Question

I have a sample Chrome packaged app which uses the Chrome sockets API to perform DNS service discovery. The heavy lifting is borrowed from the example here:

https://github.com/GoogleChrome/chrome-app-samples/tree/master/mdns-browser

I just use service names such as _pdl-datastream._tcp.local (instead of the default of _services._dns-sd._udp.local).

On both my Ubuntu and Windows setups (Chrome 25.0.1364.172), the app can successfully find my network printer; I can list its IP address and service instance name. However, it fails in Chrome OS on my Samsung Chromebook (Chrome 25.0.1364.173); nothing is found.

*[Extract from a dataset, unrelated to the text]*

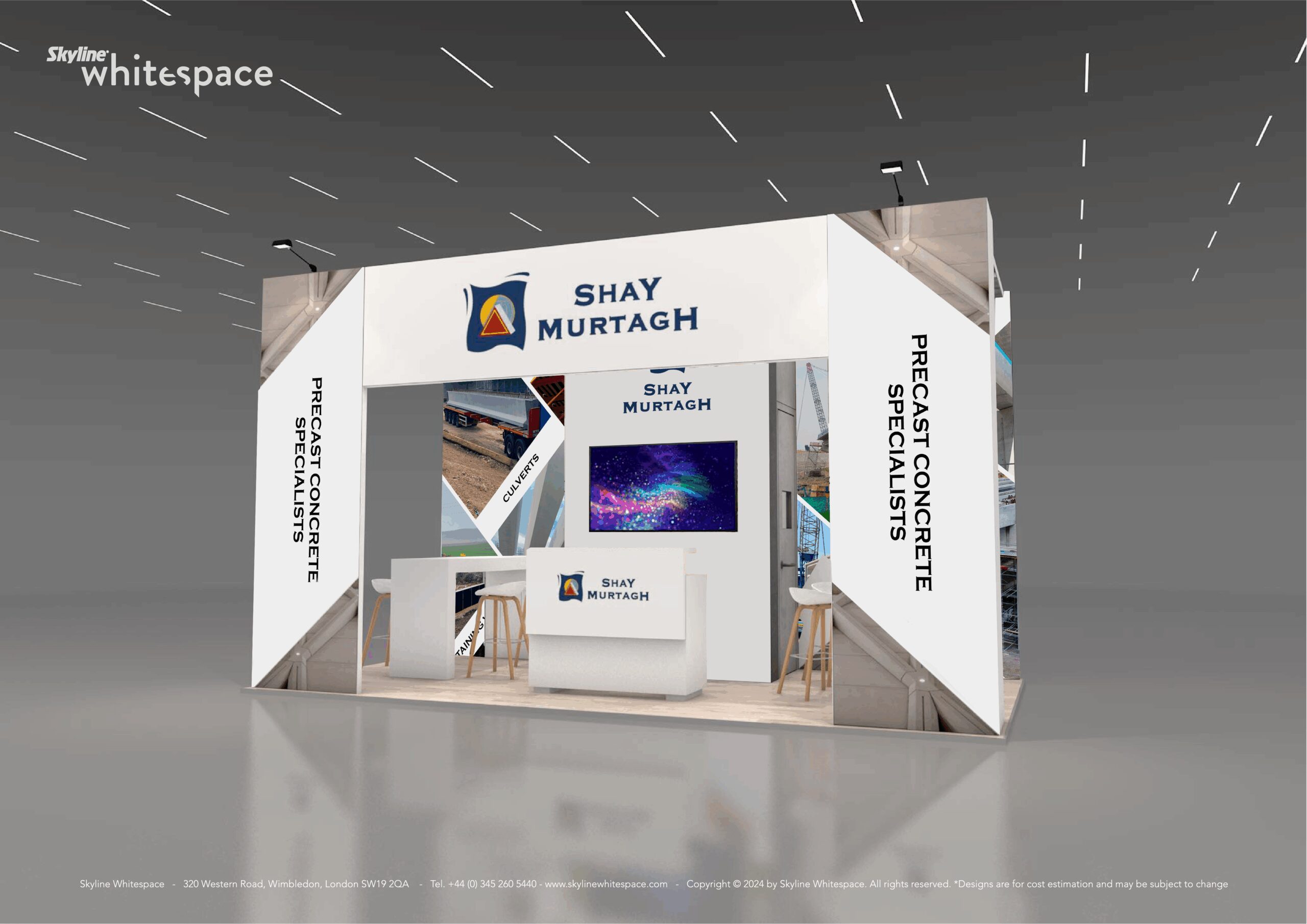 Our exhibition design team created a refreshed stand concept featuring bold branding, clean architectural lines, and immersive visual displays. Every detail was considered from initial 3D stand renders and material selections to on-site build management and installation ensuring a seamless delivery and a striking final result, complete with interactive QR codes linking directly to the Shay Murtagh website, encouraging visitor interaction and measurable digital traffic.

Any idea what the problem might be? Is this a known issue?

Was it helpful?

Solution

You should check if it's the default firewall. On a Chromebook by default I believe all incoming connections are blocked. If you're running in dev mode you can do the following to allow all incoming udp traffic to test whether this is the problem:

  1. Press Ctrl+Alt+T to bring up a terminal window and type the following
  2. shell
  3. sudo iptables -I INPUT -p udp -j ACCEPT

OTHER TIPS

Yes, Chromebooks default to a restrictive firewall. However, if the incoming packet matches an outgoing one, the incoming packet should be permitted. Here's the list of firewall rules.

According to the bug report created by Haw-Bin, this is verified as fixed since end of 2013.